The module on opioid crisis in the USA has enlightened me on the negative side effects of opioids in the community. It has proved that the medical fraternity has had a hand in the rise of drug and substance abuse and subsequently the rise of juvenile delinquent behavior. More importantly, I have discovered that the pharmaceutical industry is grossly responsible for the rising cases of prescription opioids addiction in the community. While introducing opioid pain relievers in the medical world, the Pharma reassured the prescribers that the drugs could not be addictive. This reassurance led to the widespread prescription of these drugs for treating different conditions. Contrary to the expected outcome, many patients developed dependence and eventually became addicted and ended up abusing heroin (National Institute of Health, 2018).
I am surprised to discover that 80 percent of drug addicts who abuse heroin used prescription opioids first. Further, it is shocking to note that about 25 percent of patients prescribed opioids misuse them. Additionally, around 10 percent of these patients develop an opioid disorder that is usually irreversible (National Institute of Health, 2018).. The fact that the all these shortcomings have a medical background is disturbing. The very doctors and prescribers who were supposed to safeguard the health of the patients are in the frontline on exacerbating the rise of drug addiction in the country.
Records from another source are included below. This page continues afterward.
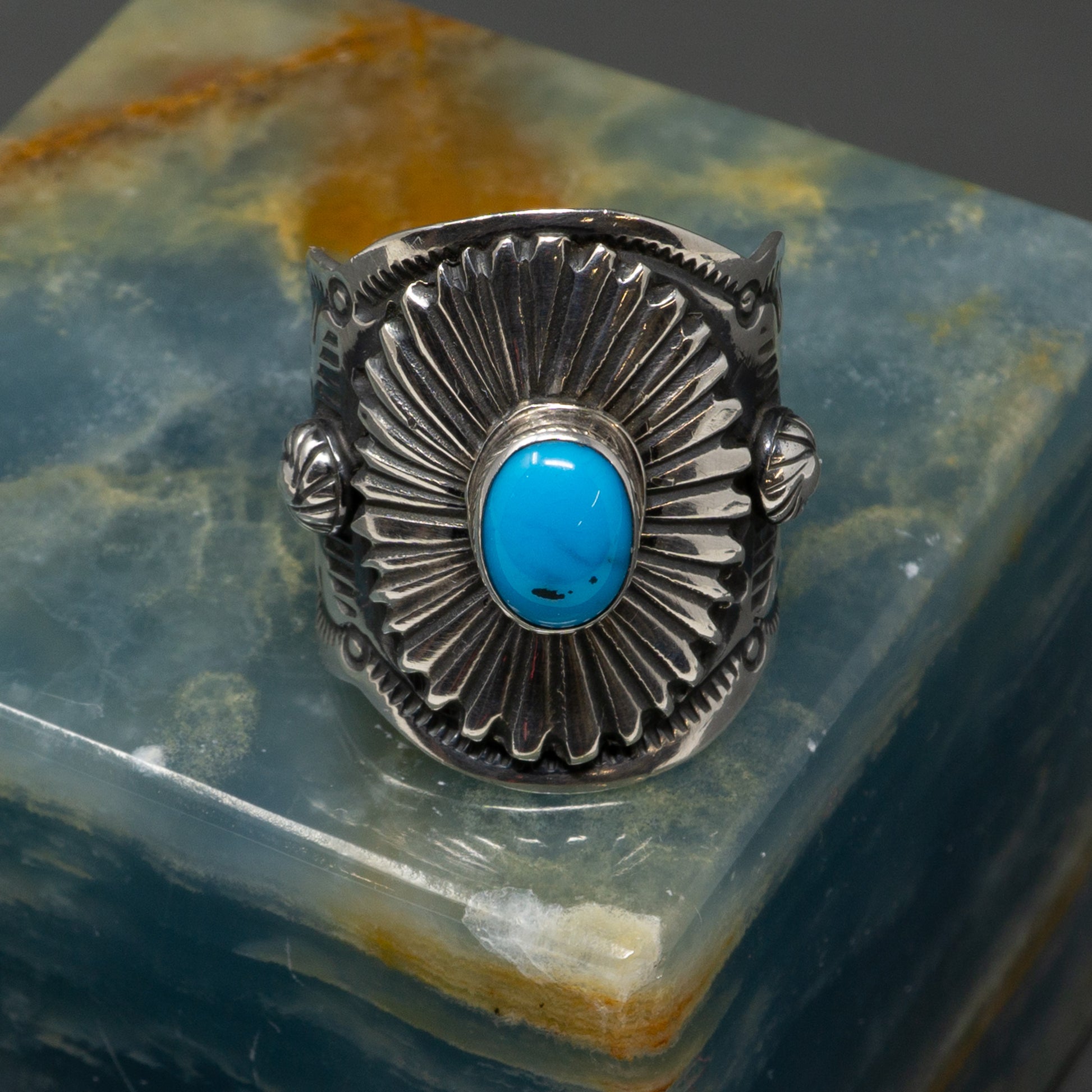 Turquoise Cabochon in Stamped Sterling Silver Ring
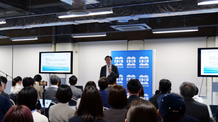 これまではセミナーやワークショップなどで利用されたMEDIUMクリエイティブエリアでしたが、大人数でのカンファレンスとして利用においてもサークル状の舞台は一体感があり、新しい物事が生まれるシーンとしてマッチした様子でした。
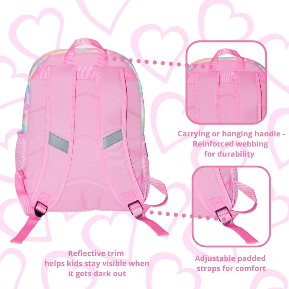 - A BACKPACK DESIGNED FOR KIDS – An eye-catching tie-dye pattern and a functional design come together to make this bookbag a fun addition to your child’s school and travel essentials. Our girls backpack has two zippered compartments, one main and one front, padded, adjustable shoulder straps, and two mesh side pockets, while the durable top handle is perfect for hanging.
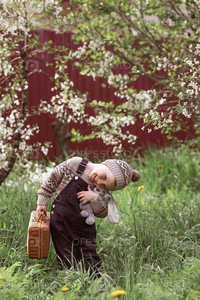 Маленький мальчик 4 лет на улице с чемоданом и плюшевым кроликом отправляется в путешествие. Красивый портрет ребенка, играющего на улице
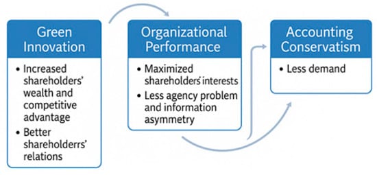 The main argument in terms of the potential relationship between GI and accounting conservatism heavily relies on stakeholder theory. According to this theory, GI will have a positive impact on stakeholders’ wealth because it prioritizes stakeholders’ interest and enhances the sustainable operations desired by stakeholders [38]. More precisely, GI captures the companies’ capabilities in terms of developing new products and technologies to mitigate environmentally related risks, capabilities that are highly valued in the current business environment. Meeting environmental needs helps firms not only gain competitive advantages [10], but also create value for stakeholders [11] by fulfilling stakeholders’ interests.
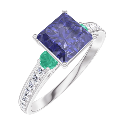 « L'ATELIER » Nº168587Ring Weißgold 750/-(18Kt) - Blauer Saphir Prinzess 1 Karat - Seitliche Steine Smaragd - Fassung Diamant
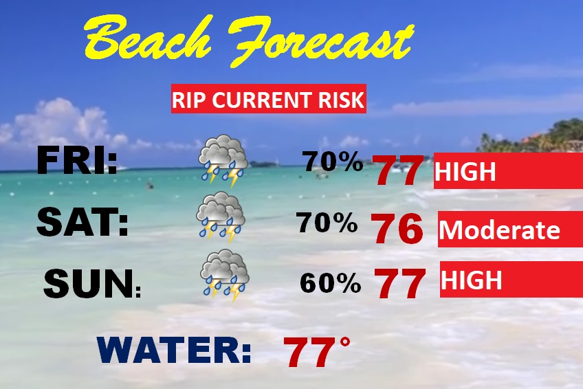 BEACH OUTLOOK: Scattered showers and thunderstorms will be around from time to time over the Mother’s Day weekend. There will also be several dry hours. Highs in the upper 70’s. Gulf water temperature 77. High Rip Current risk especially from about Destin eastward.
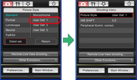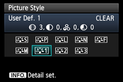 > on the camera to display the Picture Style window on the LCD monitor. You can confirm that the Picture Style file registered with EOS Utility is applied to [User Def. 1].
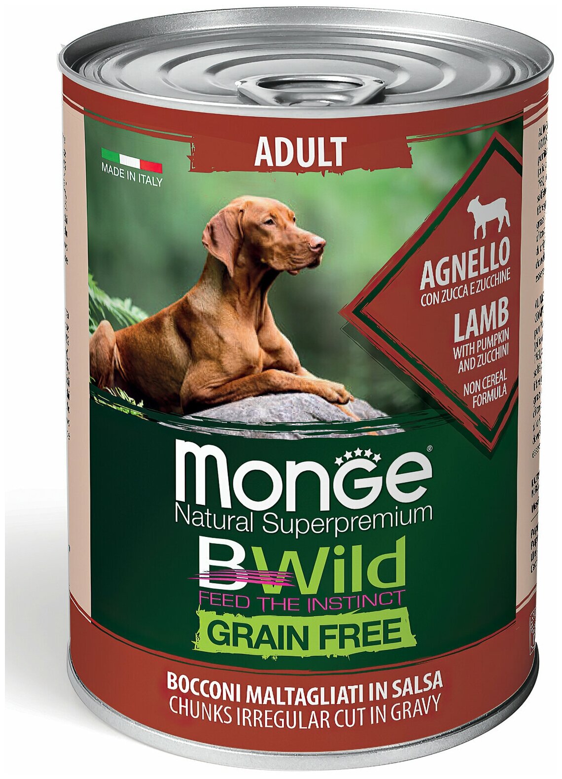 Купить Monge BWild GRAIN FREE беззерновые консервы из ягненка с тыквой и кабачками для взрослых собак всех пород 400 г
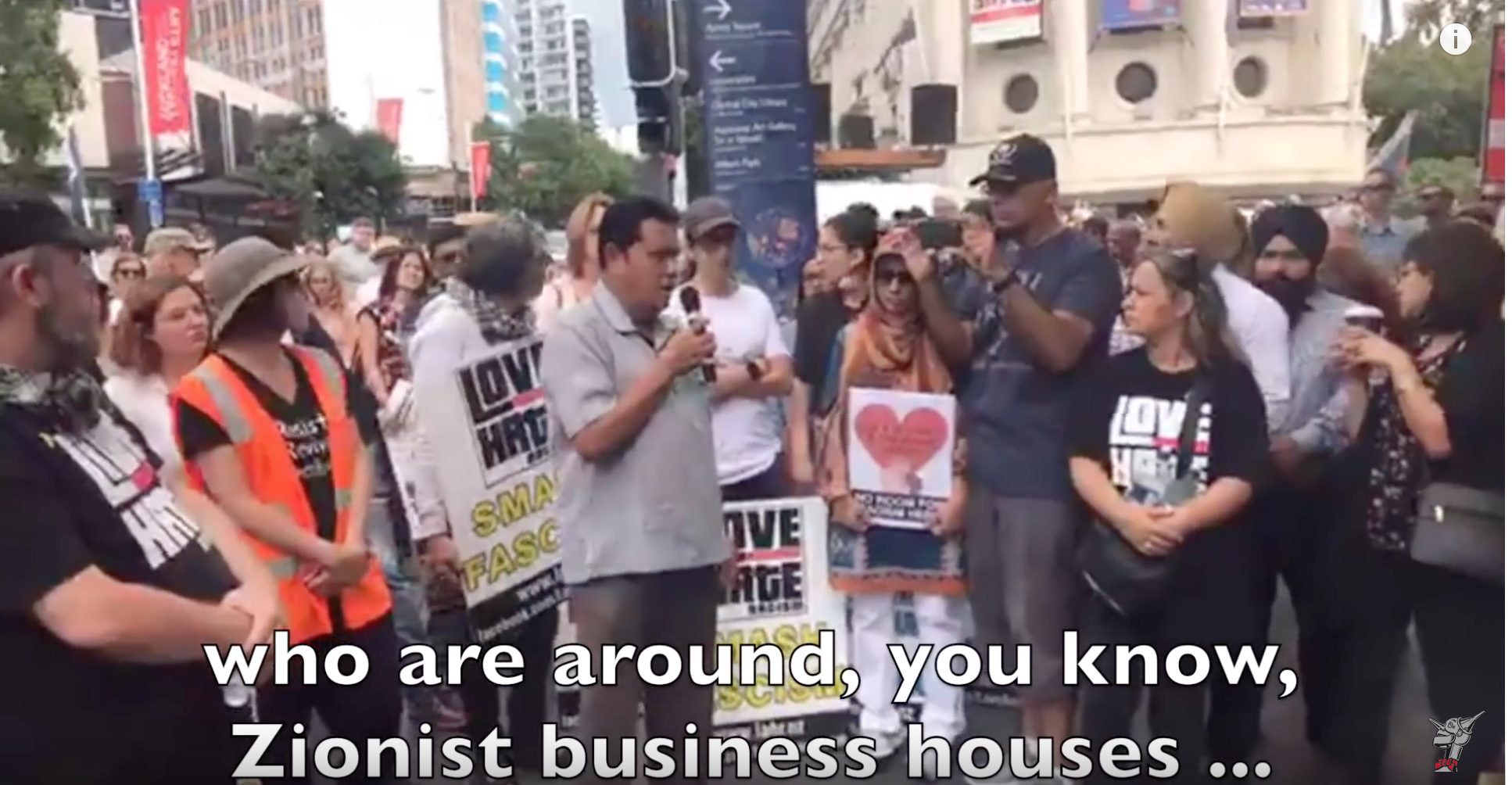 På grensen til parodi: Plakaten Love vs Hate og Smash Fascism kan skitmes bak Ahmed Bamji som åpenbart hverken kvier seg eller skammer seg for å fremføre åpen antisemittisme.
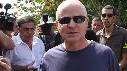 נועם שליט מול הכתבים והצלמים בחצר ביתו (צילום: אבישג שאר-ישוב)
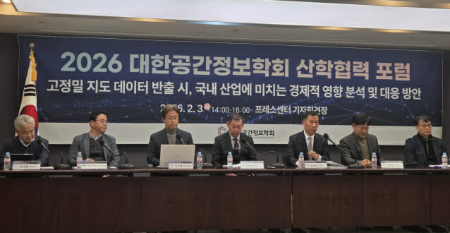 대한공간정보학회는 3일 서울 중구에서 ‘2026 대한공간정보학회 산학협력 포럼’을 개최하고 고정밀 지도 해외 반출 시 국내 산업에 미치는 경제적 영향과 대응 방안을 논의했다.
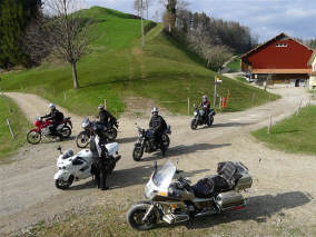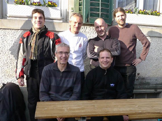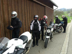 Vor knapp einer Woche wurde die Zeit umgestellt: Morgens um 7 Uhr ist noch dunkel und aufgrund des klaren Himmels in der Nacht saukalt. So war der Treffpunkt um 8 Uhr ausnahmsweise im Rest. Flamingo in Brüttisellen, von wo aus wir in 45 Minuten gemeinsam ins Rest. Sternen in Fischingen/TG fuhren. Wir genossen den Weg über Fehraltorf-Turbenthal nach Bichelsee und Dussnang nach Fischingen, die Gruppe fuhr sehr homogen, z.T. aber mit grossen Abständen hinter mir her. In Thalwil war ich noch im Trockenen gestartet, in Brüttisellen zog ich die Regenkombi über gegen die Kälte und Nässe, die wir schliesslich im Oberland antrafen. Nach einer Aufwärmpause bei Kaffee und Gipfeli machten wir uns um Viertel nach 9 Uhr an die Arbeit.
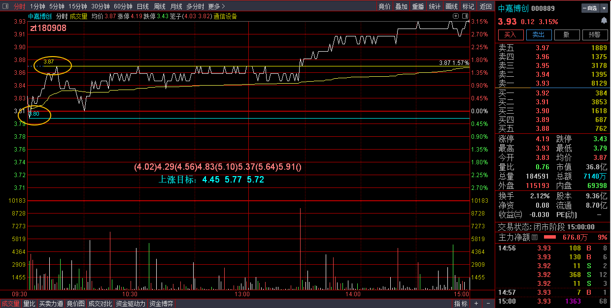 上图是今天的分时,我标注了两根标价线,标价线取10点前的可见高点3.87元和10点前的可见低点3.80元,以3.87-3.80=0.07,那么当股价高于3.87元之后向上最重要的重点为:3.87 0.07=3.94元。
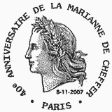 | Description | 40e anniversaire de la Marianne de Cheffer, utilisée de 1967 à 1971, issus du carnet de 12 TP |
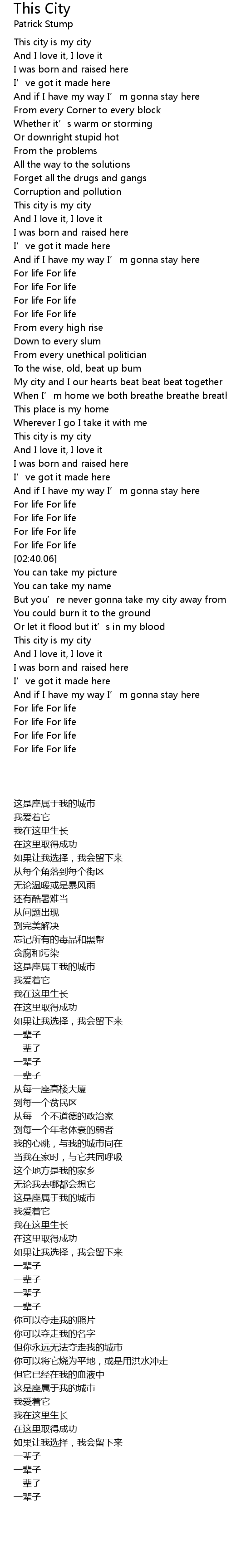 | [01:50.93] | My city and I our hearts beat beat beat together |
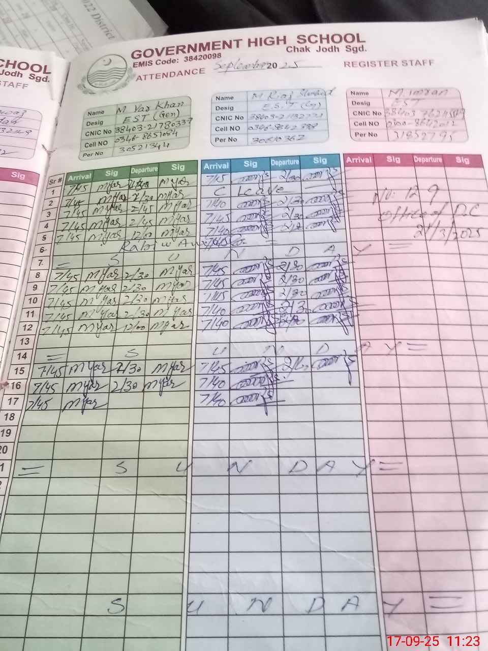 | CNIC | Full Name | Designation | R/C | Absence during last cal. month |
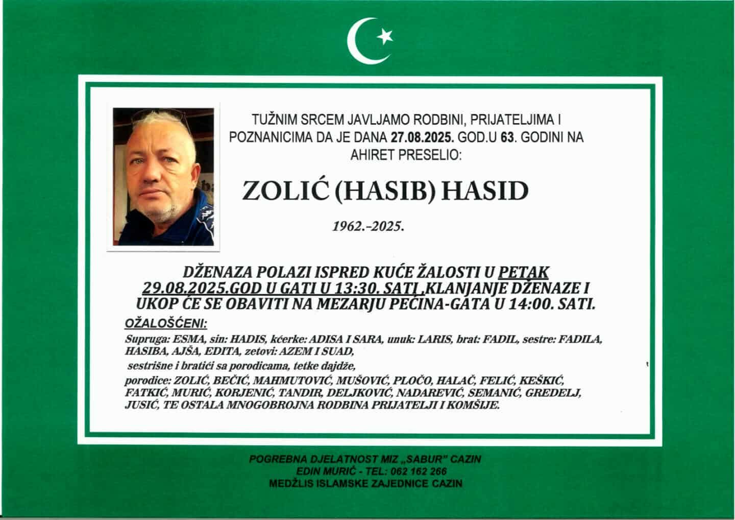 Dženaza polazi ispred kuće žalosti u petak, 29.08.2025. godine u Gati u 13:30 sati.

Nurses are fundamentally responsible for administering opioids to the patients. They also interact with patients who are hospitalized for opioid overdose. Nurses occupy the widest space in the patient management scope. In the hospital setup, they receive the patients in the outpatient department, take their vital signs, and document the findings. In other words, they are best positioned in identifying a patient with opioid overdose. When a patient complains of too much pain in the hospital bed, the nurse is at the discretion of administering an opioid pain reliever. Nurses, therefore, establish a continuous line of contact with the patients both in their home and in the hospital.
Science and technology come in handy in the management of opioid overdose. First, it helps establish blood levels of opioid analgesics and allows the doctors to institute measures to treat the patients. Besides analytical machines that perform opioid measurement in blood, research and development are important in managing pain with opioid alternatives. Finding the most appropriate opioid overdose antidote will also go a long way in mitigating the crisis (Volkow and Collins, 2017). Additionally, developing a national database of opioid circulation will help to prevent illicit sale of these drugs in the black market.
This information is an eye-opener for all healthcare professionals engaged in opioid administration. Personally, I have become aware of the harmful effects of uncontrolled administration of drugs to the patient. On the one hand, I have learned that it is advisable to prescribe other analgesic alternatives if they can alleviate pain from the patient. On the other hand, I have become keener in identifying patients who present in the outpatient department with signs of opioid overdose. Lastly, I am awake to the fact that patient follow-up is key to controlling drug abuse for discharged patients. In other words, the hospital should give regular appointments to the patients who are discharged with opioid prescription to monitor their progress. In this manner, the doctor can decide whether changing the drugs is necessary or not depending on the progress of the patient.
National Institute of Health (2018, March). "Opioid Overdose Crisis." Nih.Gov. retrieved https://www.drugabuse.gov/drugs-abuse/opioids/opioid-overdose-crisis on 21/6/2018
Volkow, N. D., & Collins, F. S. (2017). The Role of Science in Addressing the Opioid Crisis. New England Journal of Medicine, 377(4), 391-394.